The results presented from GSoC dataset extraction [48
] and from Stack Overflow’s annual Developer Survey [49
], are summarized in Figure 9
. By means of the synthesis analysis of the data presented in Figure 9
, it is possible to confirm the findings of the systematic literature review approached in Section 3
, enabling a more accurate description of the scenario of women’s participation in software development projects and in open-source communities: Though increasing rates have been pointed out, women are still a target of underrepresentation in the area, reaching rates of less than 11% of the total amount of developers.
Threat to Validity
We cannot guarantee that all relevant primary studies were selected. It is possible that relevant papers were not chosen. In order to mitigate this, we performed the automatic search, and complemented it by performing a manual search to try to collect all primary studies in this field. During the data extraction process, the primary studies were classified based on our judgment. In order to mitigate this threat, the classification process was performed using peer review.
Another threat to the validity of our results is the possibility that the first author might have introduced his bias in the data collection process. In this respect, the analysis process of collected data was performed along with another researcher. This researcher reviewed and analyzed all the intermediate results (primary studies and survey results). This iterative process was repeated until the end of data collection and data analysis processes. We also held meetings to validate the obtained results.
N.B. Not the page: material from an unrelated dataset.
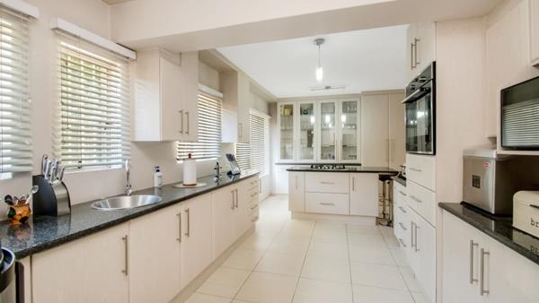 This phenomenal property boasts four well-appointed bedrooms, each equipped with exquisite, state-of-the-art wardrobes, while two of the bedrooms feature convenient ensuites. The expansive dining and living area seamlessly flows into a stunning kitchen, complete with a spacious built-in unit, stove, oven, and extractor, offering abundant space for luxurious family living.

A third threat is that a literature review method based on scientific papers, in principle, may provide partial answers. To mitigate this threat we also reviewed the Stack Overflow’s annual Developer Survey [49
]. This survey annually investigates the preferences of code developers around the world and covers a variety of issues related to gender, personal characteristics, and techniques. The survey was answered by 90,000 developers and only 7.9% of the participants are women.
Recommendations made by research in the area of open software development projects strongly highlight the urge to increase the diversity of the participants’ personal characteristics, due to the innumerable benefits that this miscellany can offer [13
]. Nevertheless, engaging participants with different profiles and backgrounds in software development projects is not a simple task.
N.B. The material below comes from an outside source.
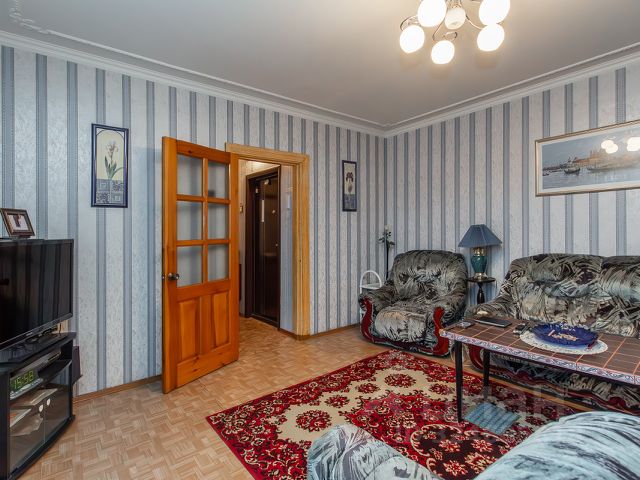Квартира расположена на улице Петра Мерлина в пятиэтажном панельном доме 1972 года постройки. Общая площадь — 59,4 кв. м, из которых 42,6 кв. м — жилая площадь. Высота потолков — 2,5 м.

Academia and industry efforts are crucial to promote a change in the volume of female participation in this type of project, and this work, through a systematic review of literature in the main libraries of scientific works in the area of computation, sought to assist in the finding of factors that may aid in a higher rate of women’s interest in open software development projects.
The main contributions of this work are in the answers of the research questions of the SLR, where it is possible to identify factors that cause women’s lack of interest in open source software projects and software development participation; possible solutions were suggested to increase the engagement of this public, for instance, the effort of keeping senior developers from underrepresented groups active, along with the thoughtful hiring of more junior developers [49
]. As a result of this work, it was also possible to identify the profile of women that participate in Google Summer of Code in relation to the number of students and the quantity of mentors, which corroborates with the results found in the systematic literature review where there is an underrepresentation of women, as well as Stack Overflow’s annual Developer Survey results [49
] where only 7.90% of software developers in the world are women.
As a follow-up to this research, we expect to deepen the study on the aspects that may influence the participation of women in open source software projects and software development projects, as well as to propose ways of addressing the identified problems regarding issues of gender inequality in open source communities and software factories.